Weil aus der Erbschaft von E nichts wird, macht A weiter und will den Juwelier J überfallen. Also macht sich A auf den Weg und geht zu einem Taxifahrer, der in einem geparkten Auto auf Kundschaft wartet. A beugt sich zu T herunter und suggeriert diesem damit, dass sie etwas fragen wolle. T öffnet daraufhin das Fenster. Dabei betäubt A den T, zerrt diesen aus dem Taxi und fährt mit dem Taxi fort. T ist unverletzt und kommt nach ca. 10 Minuten wieder zu sich.

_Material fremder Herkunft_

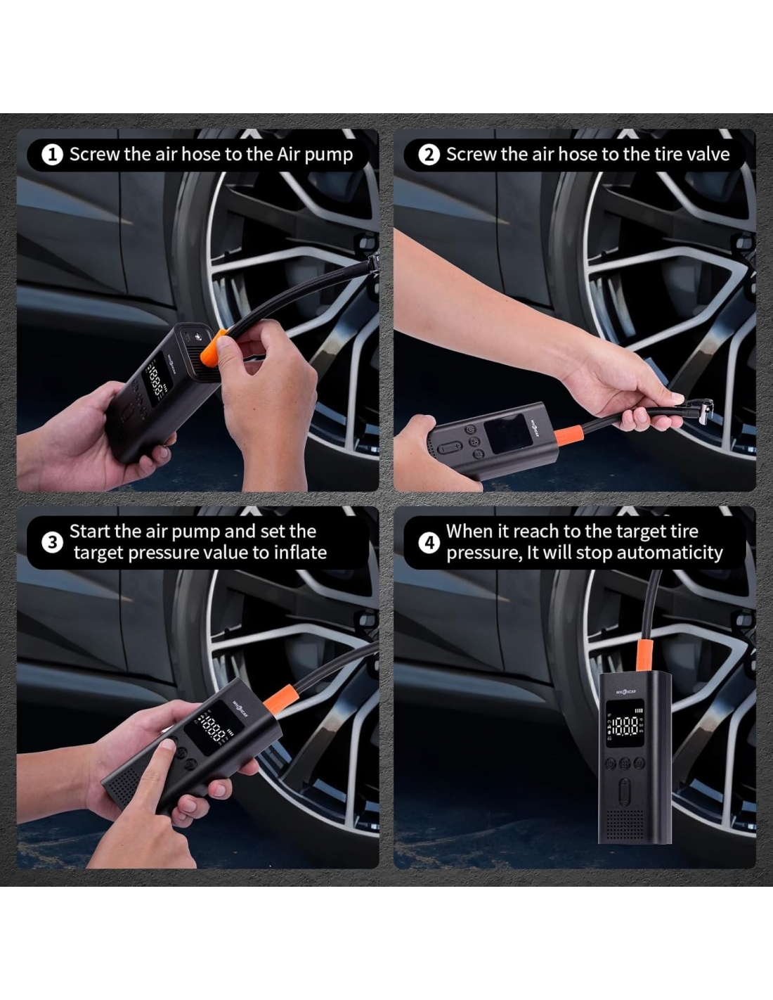 WHZOHCAR Mini Compressore Portatile Auto 6000mAh 150PSI Bicicletta, Auto, Moto.
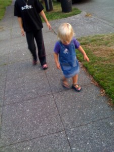 >This is actually a family joke:) One of our friends in Florida used to tell us this every time our oldest would begin walking backward around her house. We love you Betsy!!
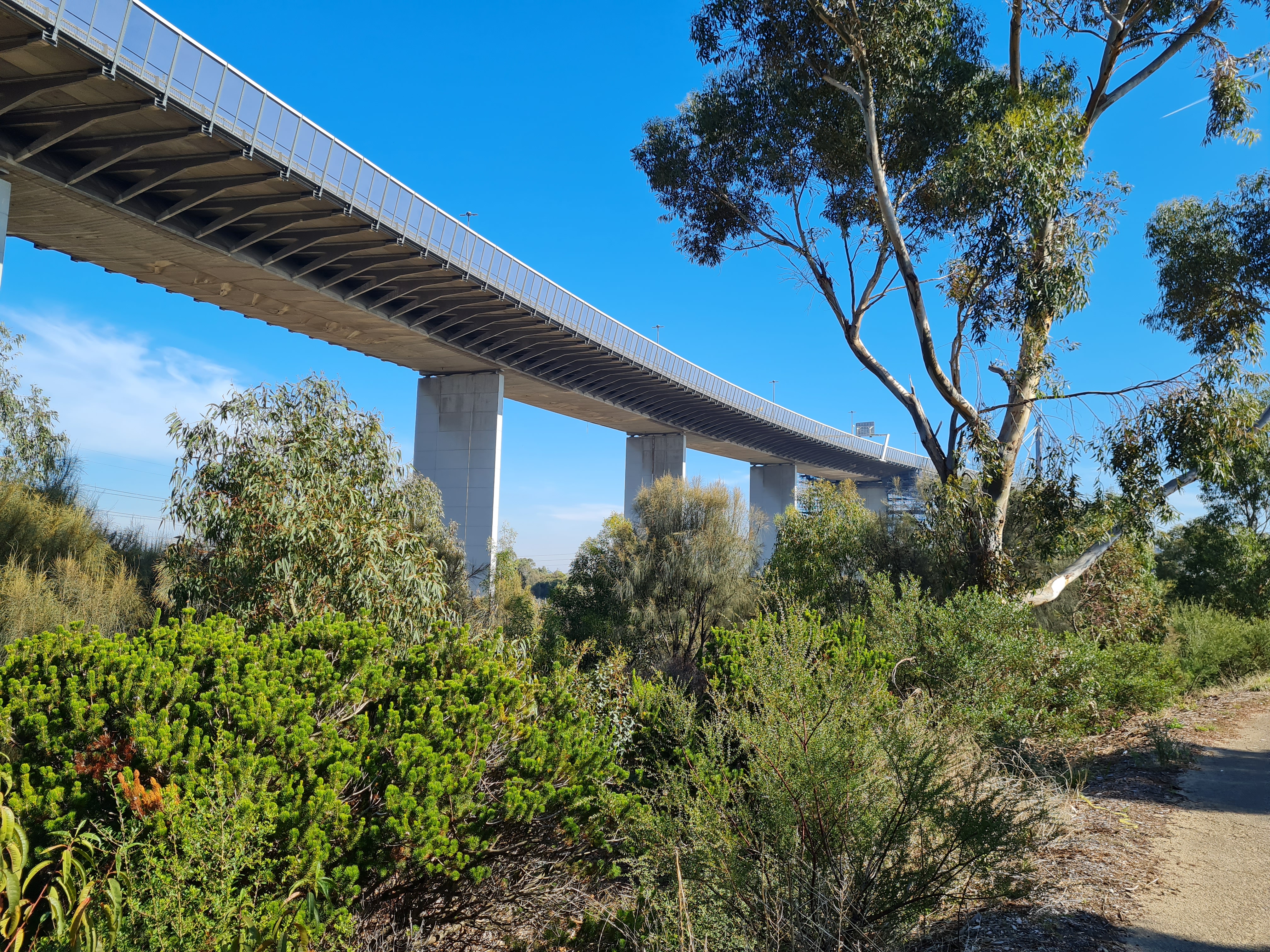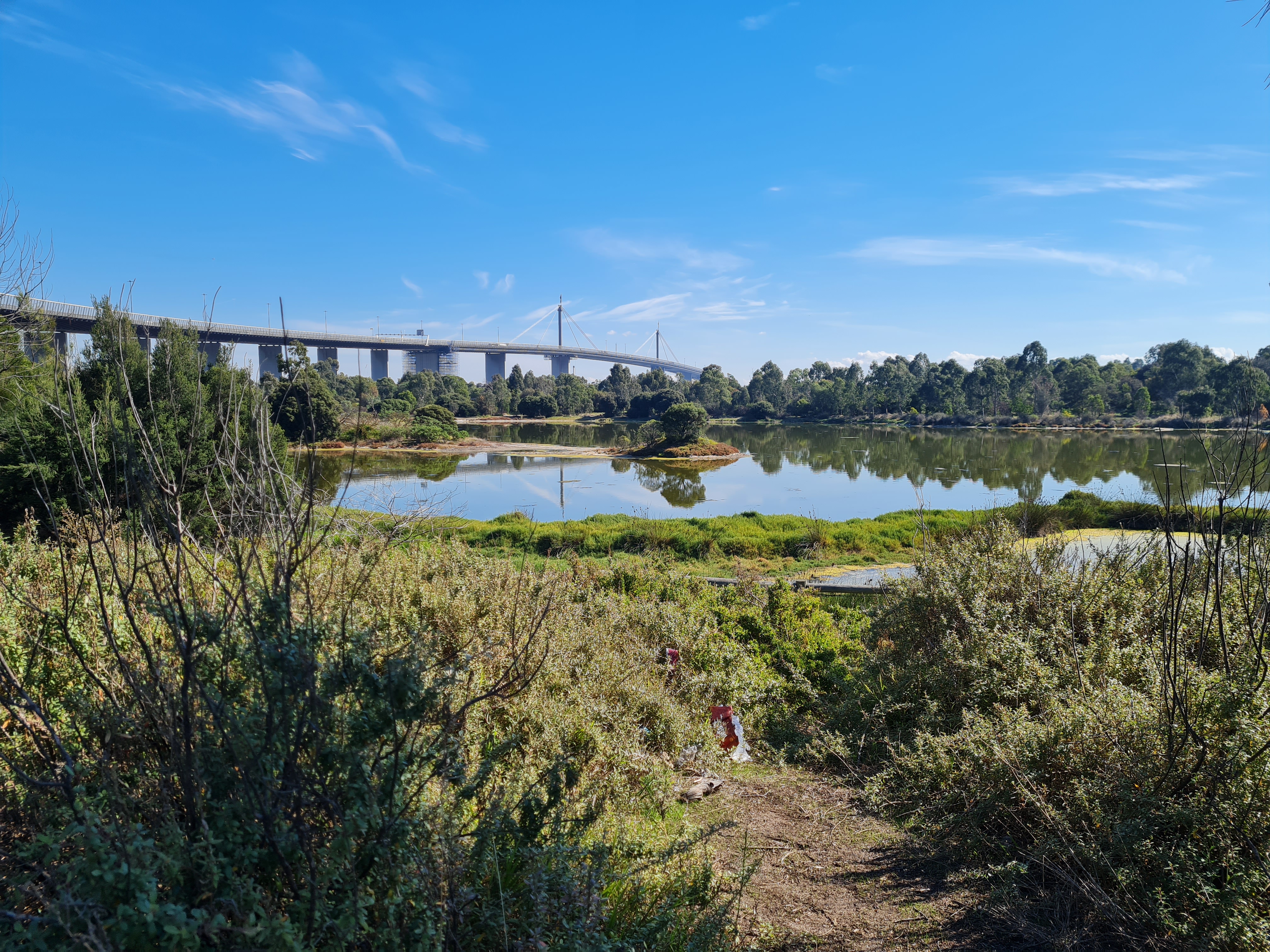 The lake, a former sand mine, turns a brilliant pink at the end of summer, but there was no colour in it today. There were no noisy miners, and so there was lots of bird life: wrens, honeyeaters, wattlebirds, mudlarks, magpies. It’s hard to believe that it was ever the blighted place it was forty years ago. The Age described it in 1979 as ‘scrofulous scenery indeed … dead water, swamp, sick factories, dead wood, haze, gasping barges, wretched refineries, wheezing chimneys, dead grass, institutional putrefaction’. It’s not like that now. There’s been lots of hard work done here by the Friends of Westgate Park since 1999 – a real gift to the people of Melbourne.

Als Nächstes geht A in das Geschäft des J. Unmittelbar nach Eintritt holt A schon ihre Deodorantflasche aus der Tasche und sagt zu dem J, dass er die Hände hoch nehmen soll, da sie ansonsten den schädlichen Inhalt der Deodorantflasche in das Gesicht des J sprühen würde. J bezweifelt zwar zunächst ein wenig, dass es sich bei dem Inhalt um einen schädlichen handeln würde, lässt A aber dennoch gewähren.

A packt also den Schmuck in die Tasche. In diesem Moment kommt der Ladenangestellte G, mit dem A nicht gerechnet hatte. A fesselt G auf einen Stuhl, packt weiterhin Schmuck ein und flüchtet anschließend. Nach der Flucht benachrichtigt J sofort die Polizei. Es konnte ermittelt werden wem das Auto gehört, sodass T seinen Wagen zurück bekam. Dies war von A von vornherein auch so geplant gewesen. J und G blieben bei dem Geschehen unverletzt.

 

Prüfen Sie die Strafbarkeit der Beteiligten.

Bearbeitervermerk:
§ 239 a und 308 StGB sind nicht zu prüfen.
Erforderliche Strafanträge sind gestellt.